Evolving complexity of MIF signaling

Abstract

Macrophage migration inhibitory factor (MIF) is a cytokine expressed in various cell types, including hematopoietic, epithelial, endothelial, mesenchymal and neuronal cells. Altered MIF expression has been associated with a multitude of diseases ranging from inflammatory disorders like sepsis, lupus and rheumatoid arthritis to organ pathologies such as heart failure, myocardial infarction, acute kidney injury, organ fibrosis and a number of malignancies. The implication of MIF in these diseases was supported by numerous animal studies. MIF acts in an autocrine and paracrine manner via binding and activating the receptors CD74/CD44, CXCR2, CXCR4 and CXCR7. Upon receptor binding, several downstream signaling pathways were shown to be activated in vivo, including ERK1/2, AMPK and AKT. Expression of MIF receptors is not uniform in various cells, resulting in differential responses to MIF across various tissues and pathologies. Within cells, MIF can directly bind and interact with intracellular proteins, such as the constitutive photomorphogenic-9 (COP9) signalosome subunit 5 (CSN5), p53 or thioredoxin-interacting protein (TXNIP). D-dopachrome tautomerase (D-DT or MIF-2) was recognized to be a structural and functional homolog of MIF, which could exert overlapping effects, raising further the complexity of canonical MIF signaling pathways. Here, we provide an overview of the expression and regulation of MIF, D-DT and their receptors. We also discuss the downstream signaling pathways regulated by MIF/D-DT and their pathological roles in different tissue, particularly in the heart and the kidney.

Introduction

Macrophage migration inhibitory factor (MIF) was definitively cloned and described as a factor amplifying the systemic inflammatory response to endotoxin treatment in 1993 [1]. Since then, MIF has been shown to play a crucial role in mediating resistance to different pathogens [[2], [3], [4], [5]] and driving various types of immune and autoimmune diseases [6,7]. MIF was also shown to be up-regulated in numerous types of malignancies and its expression correlates with the disease progression [8]. MIF exerts its biological functions in an autocrine and paracrine way [[9], [10], [11], [12], [13]] via the receptors CD74, CXCR2, CXCR4, and CXCR7 [[14], [15], [16]]. Upon MIF binding, CD74 does not induce signaling alone but requires the recruitment of CD44 or CXCR receptors [17]. There are several possible complexes formed between these receptors, including CD74/CD44 [[17], [18], [19]], CD74/CXCR2 [15], CD74/CXCR4 [20] and CD74/CXCR4/CXCR7 [16]. Up till now, it is not completely clear whether CD44 is also involved in the receptor complexes of CD74 with the CXCRs. Evidence for the induction of MIF signaling solely via CXCR7 was reported recently [21]. Tissue specific expression of MIF receptors and co-receptors (i.e. CD44) determine the tissue responsiveness to MIF. Recently, the vestigial enzyme D-dopachrome tautomerase (D-DT) was recognized as a structural and functional MIF homolog, bringing to life the concept of a “MIF cytokine family” [22,23].

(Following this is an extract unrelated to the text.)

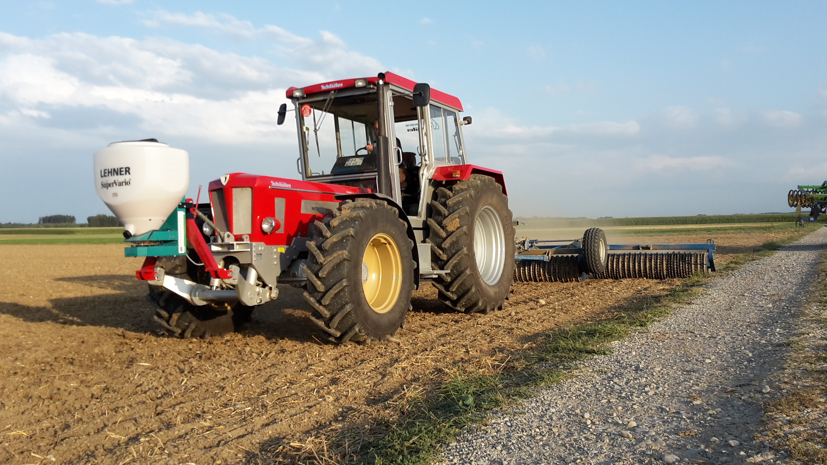 Schlüter Super 1250 VL mit Lehner Streuer und Rabe Walze

In the first part of this review, we provide a general overview of the structure of MIF protein, regulation of MIF gene transcription in different cell types and summarize the published data on D-DT. In the second part, we give an overview of the MIF and D-DT receptors, their intracellular interacting partners and the downstream signaling pathways. In the third part, we summarize the data about tissue-specific effects of MIF and D-DT signaling by taking the heart and the kidney as two examples. The important roles of MIF in (auto)inflammatory and malignant diseases were summarized in a number of excellent review articles [[24], [25], [26], [27]]. Here, we focus on the less well-understood and yet underappreciated roles of MIF signaling.